The Commanding Heights

by on December 3, 2007 at 7:05 am in Education | Permalink

Australian bloggers Andrew Norton and Andrew Leigh will debate public education in a series of posts.  Judging by Andrew Norton’s first missive it will be a good debate.

People are used to the idea of state schools, so they don’t think about how
uneasily government-controlled education fits with liberal democracy. If someone
said that Australia’s media should be owned by the state, with journalists told
by the state what they should say, with media audiences examined to make sure
they had absorbed the official line, there would be predictable and justifiable
outrage.

Yet public education means essentially that for Australia’s young people. The
government owns most schools, employs most teachers, tells them what to teach
through state-set curricula, and examines students to make sure they have it
right–even kids escaping to private schools can’t avoid these last two aspects
of state-run education.
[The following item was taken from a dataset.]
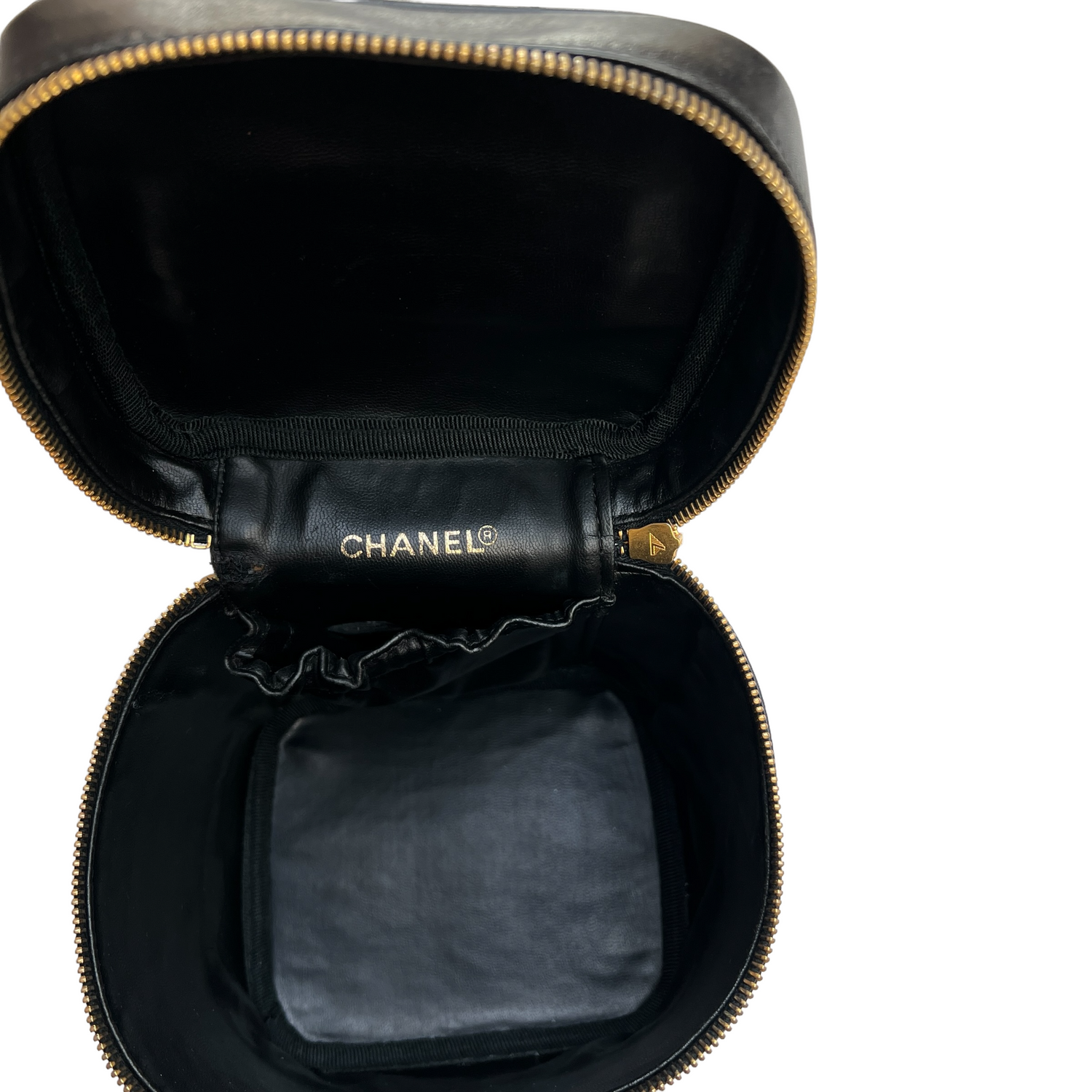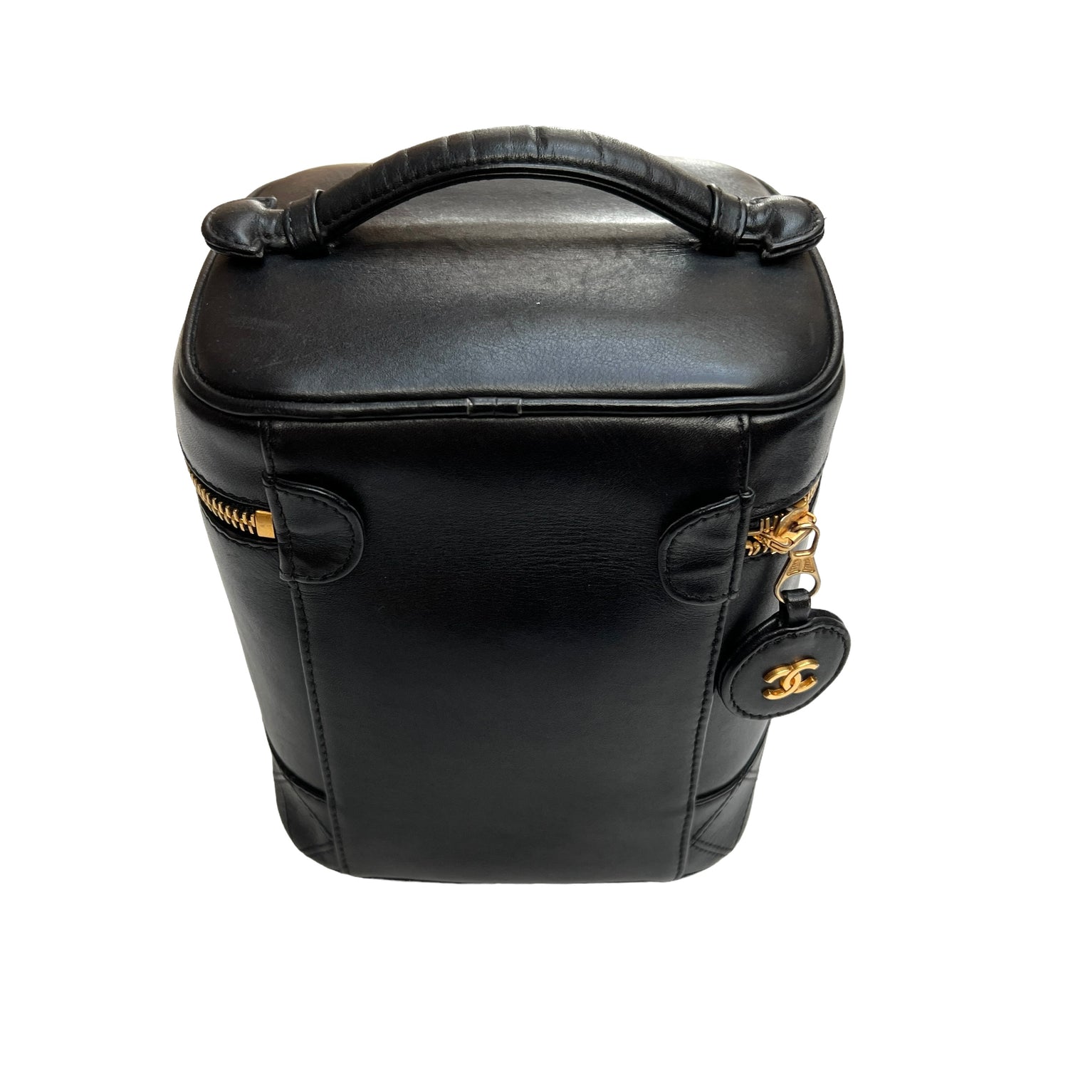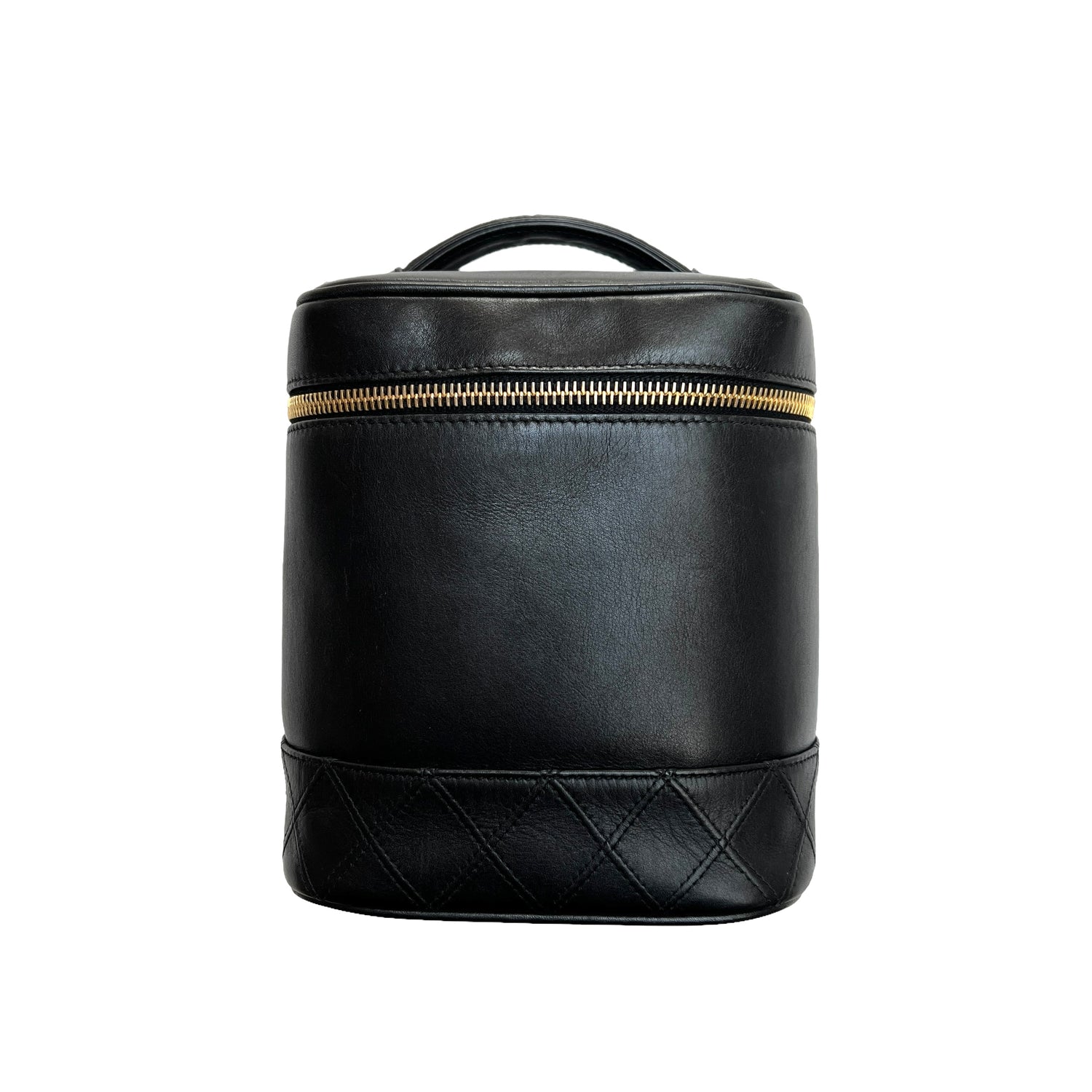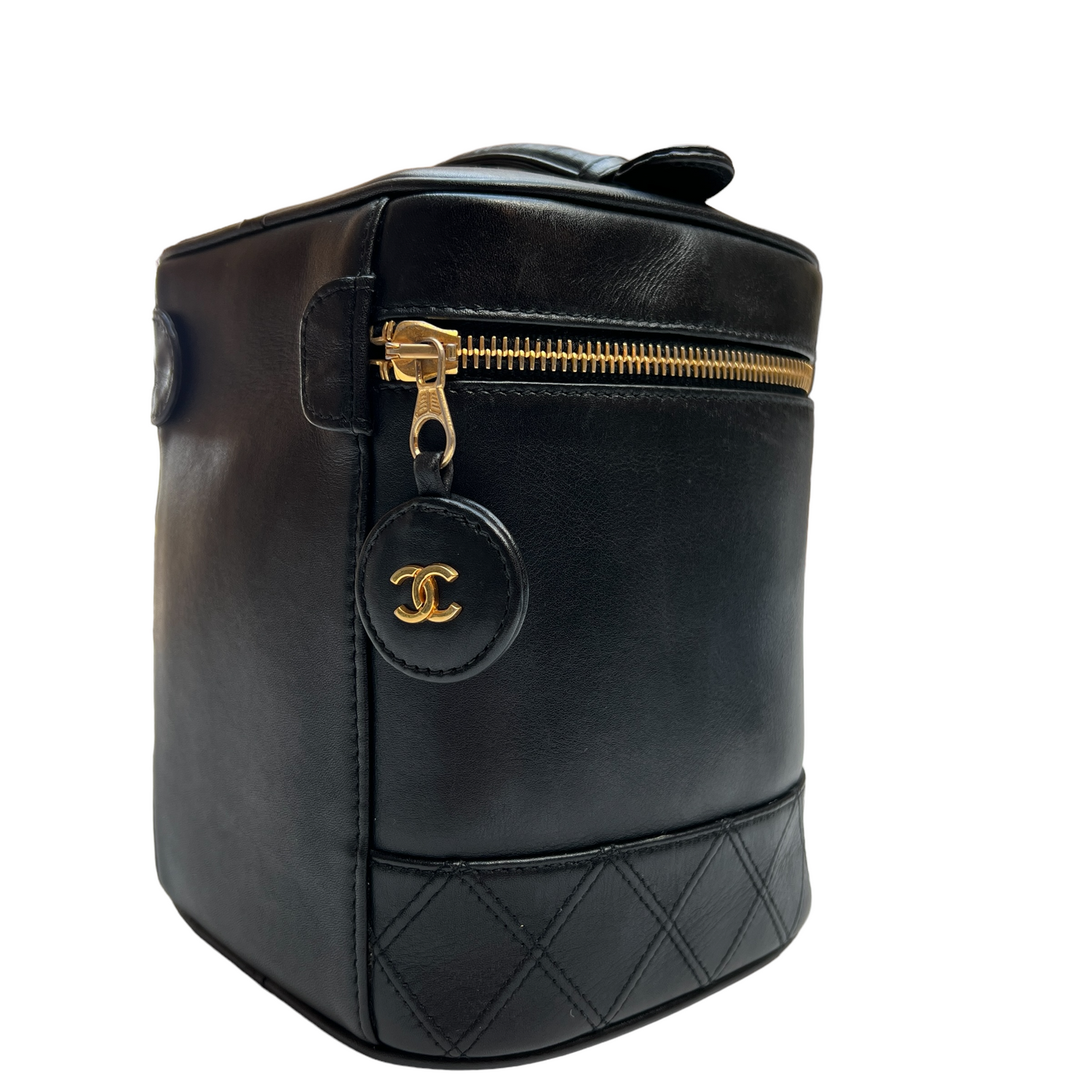 Chanel black leather vanity bag. Black smooth leather with Chanel iconic diamond quilted pattern at base. Gold-tone hardware. Zip around closure at top. CC gold-tone logo on the zipper. One elasticized inside pocket. Top handle. The perfect cosmetic bag!

And unlike state-owned media, there are severe
consequences for ignoring state education….

Hat tip to New Economist.

Addendum: Andrew Leigh’s first reply is here.

Pankaj Kumar December 3, 2007 at 11:31 am

I see the exactly same system in India including the private school blurb. I wonder if British raj would have any thing to do with it…

mickslam December 3, 2007 at 1:20 pm

This was viewed as a feature, not a bug, by the designers of the public education system here in the states. they were explicitly attempting to take a nation of different nationalities and make them “Americans”.

Floccina December 3, 2007 at 3:33 pm

I like the above first volley in the debate because it shows an inconsistency.
If you discuss the teaching of creationism in schools, democrats will insist that it not be taught in government funded schools no matter what the parents want on grounds that it is unscientific but I am sure that they would against banning creationism from TV and Radio. That seems a little inconsistent to me. Young minds are considered more subject to indoctrination maybe it is fortunate that this seems not to be true.

gondwana December 3, 2007 at 3:43 pm

…and what a terrific job the private media is doing. USA Today is a terrific model for education. Fantabulous. Kwality with a captial K.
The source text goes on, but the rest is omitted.